Keywords: Object detection; ResNet; video survilence; image processing; object quality
Image processing in a low light environment is a challenging task, particularly in video surveillance systems. Due to the lack of light conditions the quality of the image is automatically downgraded. A lot of image information is deformed which affects the image processing applications like object detection, object tracking, segmentation, etc. In video surveillance systems, object detection is a major part due to the automatic identification of anomaly events. Detecting objects from a video stream needs more calculation due to a large amount of data and grabbed of image from the video sequence must be in high quality. In a real-world environment, the lighting condition is uneven particularly, at night time. Even though the video camera quality is high, the extracted images from the video stream may be low quality of images. In image data processing, image segmentation is the key step in analyzing image data . Dividing the image into different parts of semantic regions is the main task of image segmentation. Low-quality images, particularly taken from the captured videos at night time, will affect the accuracy of the image understanding. To enhance the visualization, different kinds of methods can be used. The non-uniform illumination prior model  is proposed for identifying the illumination parts in segmented scenes. Convolution neural networks, it is a mathematical models that consists of a large number of processing units, working concurrently on multiple sets of data . Convolutional Neural Network (CNN) has the number of layers which automatically detects the important features of image data without any human supervision . The more number of layers leads to more accuracy of the output. When increasing deeper networks, the performance increases by a particular amount, then it degrades rapidly . In other words, adding more layers leads to more training errors.

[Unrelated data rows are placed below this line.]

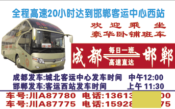 从 邯郸西站 发往 成都中心站 班车途经及时间:
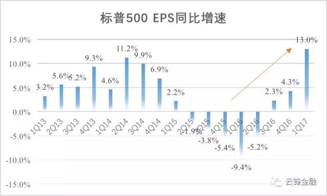 整体来说,一季度标普500 EPS同比增速达到13%,创下2011年三季度以来的最高记录。
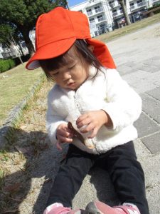 今月の月刊絵本がちょうど落ち葉についてのお話だったので、葉っぱの大きさや色、葉っぱの穴などにも興味津々の様子![]()
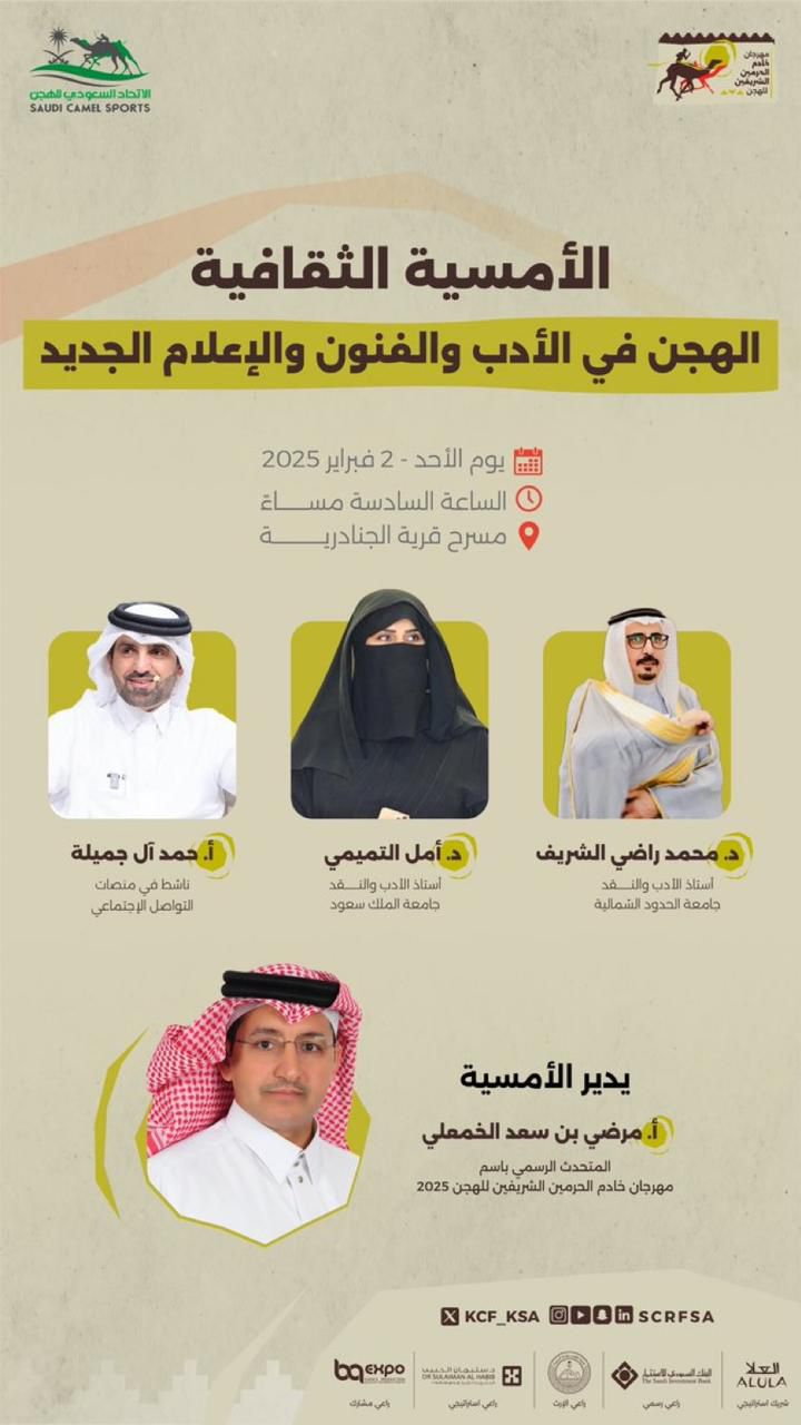 تنظم اللجنة الثقافية في الاتحاد السعودي للهجن، غداً الأحد، أمسية ثقافية على هامش مهرجان خادم الحرمين الشريفين للهجن 2025، بعنوان “الهجن في الأدب والفنون والإعلام الجديد”، وذلك على مسرح قرية الجنادرية.

Fig. 1 depicts, 56 layers of CNN has the more error rate on both testing and training dataset, than 20 layer CNN architecture. ResNet (Residual Network) is one kind of deep learning model , which is made up of residual blocks. In which there is a direct connection that skips some layers of the model. Residual Block is a set of layers, in which the output of the layer is added with another layer in the block . That by pass connection is called skip connection or shortcut connection shown in Fig. 2. These set of residual blocks combined together formed residual networks.
The reason for using the residual networks are training phase becomes less complex compared to normal deeper neural networks and adding to more layers leads more training errors. Residual networks (ResNets) are used in the deeper networks to reduce training errors. ResNet is an effective way of identifying the features in the salient area . Two different Residual Networks are used to improve the high-level and low-level semantic features. ResNet has shortcut connections, which can bypass the deficient training layers using mapping between high-level features to low-level features. We need to enhance the image from poor quality due to insufficient light into preferable quality so that to process the image to identify the objects efficiently. Various image enhancement methods have been developed already which can be classified into two parts, called statistical-based and decomposition-based approaches . By using volume-based subspace analysis, the illumination part is identified and the noise can be reduced.
We summarize the main contributions of this paper as follows:
We introduce the new convolution layers inside the existing ResNet CNN architecture called Modified ResNet (M-ResNet) which includes bilateral and adaptive super sampling operations.
■ The proposed operation consists of residual units which enhance the image quality from the low illumination to normal illumination.
■ If the image has already a good lighting environment, the proposed residual units are skipped, so that we avoid unnecessary computations.
■ The introduced residual unit removes the noise as well as strengthens the edges of each object present in the captured image.
■ The performance of the proposed method has experimented on different data sets. The preferable improvements are achieved from the proposed method while comparing existing methods.
The rest of the paper is structured as follows: Section 2 describes the object detection process in various methodologies like low light environment, Gaussian distribution, Probabilistic model, background subtraction, and Graph-based methods. Section 3 describes the proposed work; it shows how the image can be enhanced from the low light by superimposing large-scale and small-scale components of the bilateral operations. In Section 4, the proposed model is validated with different types of datasets and compared with related data. Section 5 summarizes the actual work of this paper and proposes possible future directions.
2 Related Work
2.1 Object Detection in Low Light Environment
Detecting the objects in the low light environment is a challenging task in a surveillance system. The captured images are having a lot of dark areas and noise in the picture information, due to insufficient light. The existing deep learning methods cannot perform well in the low light environment. In this situation, the classification of the objects is difficult due to the irregular distribution of brightness. To get accurate object detection, the captured image from a low light environment must be enhanced. The following disadvantages exist, in the process of enhancing low light images using deep learning methods,
i) Need complex structure and a huge number of parameters.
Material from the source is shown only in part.